The vital next step is to determine how to manufacture these metal alloys into high performance parts. These metals (steel and titanium) have always had a trade-off between strength and ductility, formability and cost. These days the density of the metal also has a large impact because of lightweighting for emissions reduction. The challenge always remains how to produce high strength metal parts when ductility of the metal is low.
This presentation will review the work done at Deakin on developing new ultra-high strength steel alloys, how we have investigated manufacturing paths for ultra high strength steel and titanium alloys, and how we have investigated repairing parts with a mixture of steel and titanium.

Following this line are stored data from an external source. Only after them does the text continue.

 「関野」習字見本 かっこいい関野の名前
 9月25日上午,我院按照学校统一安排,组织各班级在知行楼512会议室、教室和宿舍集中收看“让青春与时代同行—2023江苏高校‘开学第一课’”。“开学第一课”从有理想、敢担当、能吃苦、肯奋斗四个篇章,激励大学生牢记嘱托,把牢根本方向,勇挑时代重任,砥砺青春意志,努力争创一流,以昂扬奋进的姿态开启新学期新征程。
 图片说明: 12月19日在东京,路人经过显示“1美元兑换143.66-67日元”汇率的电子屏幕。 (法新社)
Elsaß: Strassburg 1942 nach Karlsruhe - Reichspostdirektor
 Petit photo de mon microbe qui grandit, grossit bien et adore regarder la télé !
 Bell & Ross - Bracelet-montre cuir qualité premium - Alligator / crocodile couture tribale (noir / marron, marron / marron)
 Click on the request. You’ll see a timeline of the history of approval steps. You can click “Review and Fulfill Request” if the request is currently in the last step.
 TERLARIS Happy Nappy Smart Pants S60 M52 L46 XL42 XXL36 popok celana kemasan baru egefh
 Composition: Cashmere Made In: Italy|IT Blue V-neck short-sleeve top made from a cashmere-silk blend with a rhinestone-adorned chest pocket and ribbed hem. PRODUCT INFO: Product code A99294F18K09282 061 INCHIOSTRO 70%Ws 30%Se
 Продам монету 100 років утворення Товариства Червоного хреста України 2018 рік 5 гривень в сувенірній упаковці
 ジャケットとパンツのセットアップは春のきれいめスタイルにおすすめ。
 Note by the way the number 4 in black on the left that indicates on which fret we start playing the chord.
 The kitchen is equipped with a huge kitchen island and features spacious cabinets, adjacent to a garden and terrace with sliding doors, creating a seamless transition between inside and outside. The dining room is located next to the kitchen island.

Prof Rolfe will also introduce research that is occurring at Deakin in Chemistry, Ecology, IT, and Engineering.
【主讲人简介】
Prof Bernard Rolfe is currently a Professor (Advanced Manufacturing) in the School of Engineering at Deakin University. He was the Associate Head of School (Research) from 2014-2018, responsible for growing research and research culture in the School. During his leadership the School tripled its quality journal outputs per staff member, and almost doubled income and PhD numbers. His qualifications include a combined Economics and Engineering degree with honors in 1995 from the Australian National University (ANU), and a PhD in Advanced Manufacturing (ANU) in 2002. His research group has spent 20 years working on the use of advanced metals in sheet forming primarily for the automotive sector. He was the theme leader for lightweighting at the Australian Automotive Cooperative Research Centre (2014-2017), and he is currently on the Academic Advisory Board for the International Federation of Automotive Engineering. Bernard's current research focus is the design and forming of light weight structures, including the development of better constitutive models for materials. He is also investigating design techniques for lightweighting using additive manufacturing. Bernard has received four Vice Chancellor awards and has been part of over fifteen successful nationally competitive large research grants, totalling over AUD $22 million in awarded funds. He has published over 150 refereed articles.
Research interests
Sheet Metal Forming, Material Modelling, Lightweight Design, Multi-material optimisation.
Knowledge areas
Forming lightweight structures, Sheet metal forming, Modelling Material Behaviour, Design of lightweight structures.